It appears that OpenAI is referring to the provisions in its Terms of Service that prohibit anyone from “Us[ing] our Services in a way that infringes, misappropriates or violates anyone’s rights” or to “extract data.” OpenAI has labeled these “adversarial attacks.”
Copyright owners don’t buy this tortured explanation. As OpenAI has admitted in a submission to the Patent and Trademark Office, “An author’s expression may be implicated . . . because of a similarity between her works and an output of an AI system.” (link, n. 71, emphasis added).
Rights holders claim that their ability to extract memorized content from these systems puts the lie to, for example, OpenAI’s assertion that “an AI system can eventually generate media that shares some commonalities with works in the corpus (in the same way that English sentences share some commonalities with each other by sharing a common grammar and vocabulary) but cannot be found in it.” (link, p. 10).
Moreover, OpenAI’s “hacking” defense would seem to inadvertently support the Times’ position. After all, you cannot hack something that isn’t there. The very fact that this content can be extracted, regardless of the method, suggests it exists in the form of an unauthorized reproduction within the model.
OpenAI: “We Are Protected by the Betamax Case”
How will OpenAI and Microsoft respond to these allegations under copyright law?

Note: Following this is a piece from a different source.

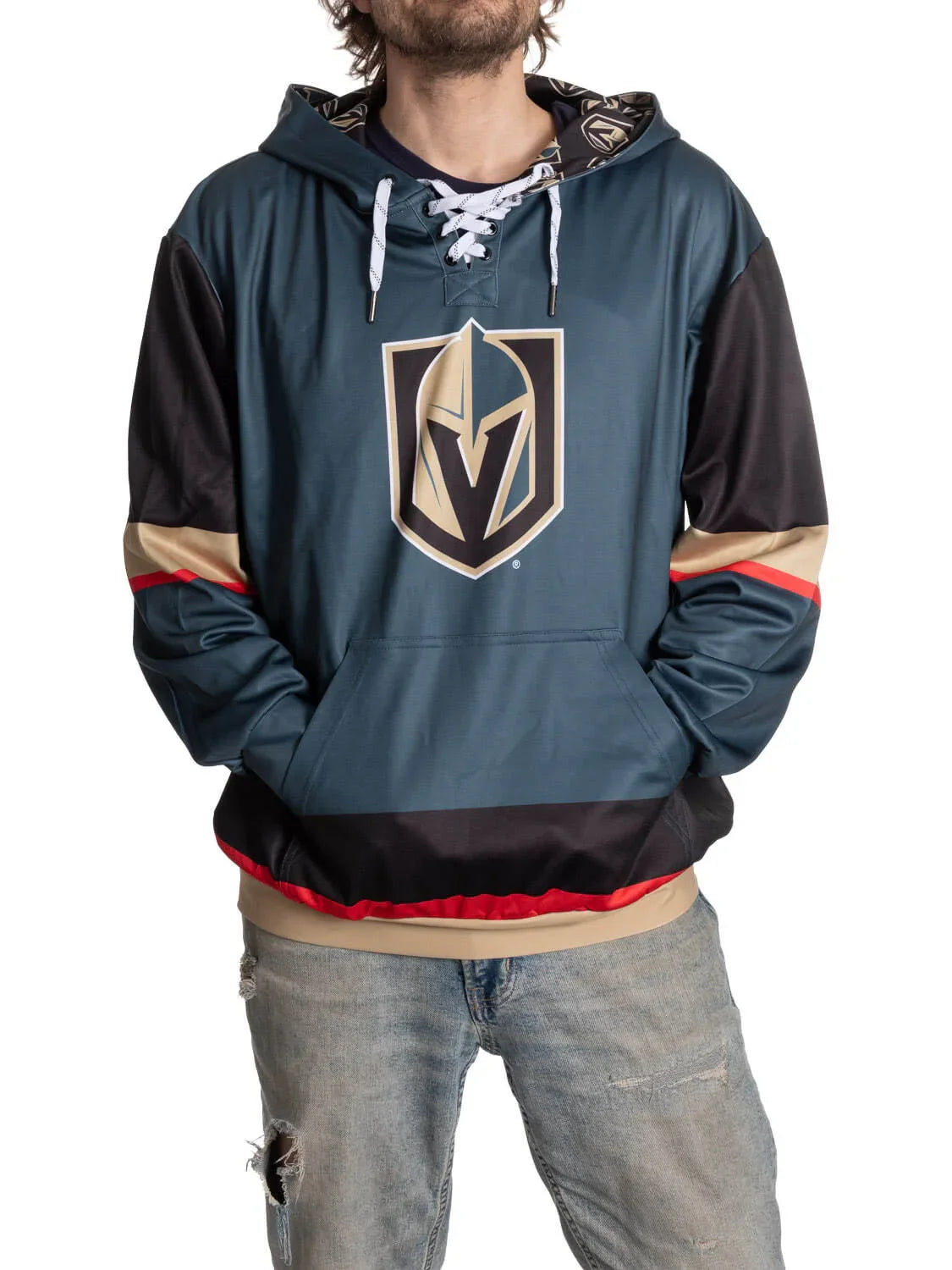 Lace up in style this season with our new Official Licensed NHL Vegas Golden Knights Hockey Lace Hoodie. Styled in Vegas Golden Knights team colours, this hoodie shows off your Golden Knights pride in style!

To date, OpenAI and Microsoft have yet to file formal answers to the Times’ complaint. However, they have given us a hint of their defense strategy in their motions to dismiss, and it is based in part on the Supreme Court’s 1984 decision in Sony v. Universal City Studios, a case often referred to as “the Betamax case.”
In the Betamax case a group of entertainment companies sued Sony for copyright infringement, arguing that consumers used Sony VCRs to infringe by recording programs broadcast on television. The Supreme Court held that Sony could not be held contributorily liable for infringements committed by VCR owners. “[T]he sale of copying equipment . . . does not constitute contributory infringement if the product is . . . capable of substantial noninfringing uses.”
The take-away from this case is that under copyright law if a product can be put to either a legal or illegal purpose by end-users (a “dual-use”), it is not infringing so long the opportunity for noninfringing use is substantial.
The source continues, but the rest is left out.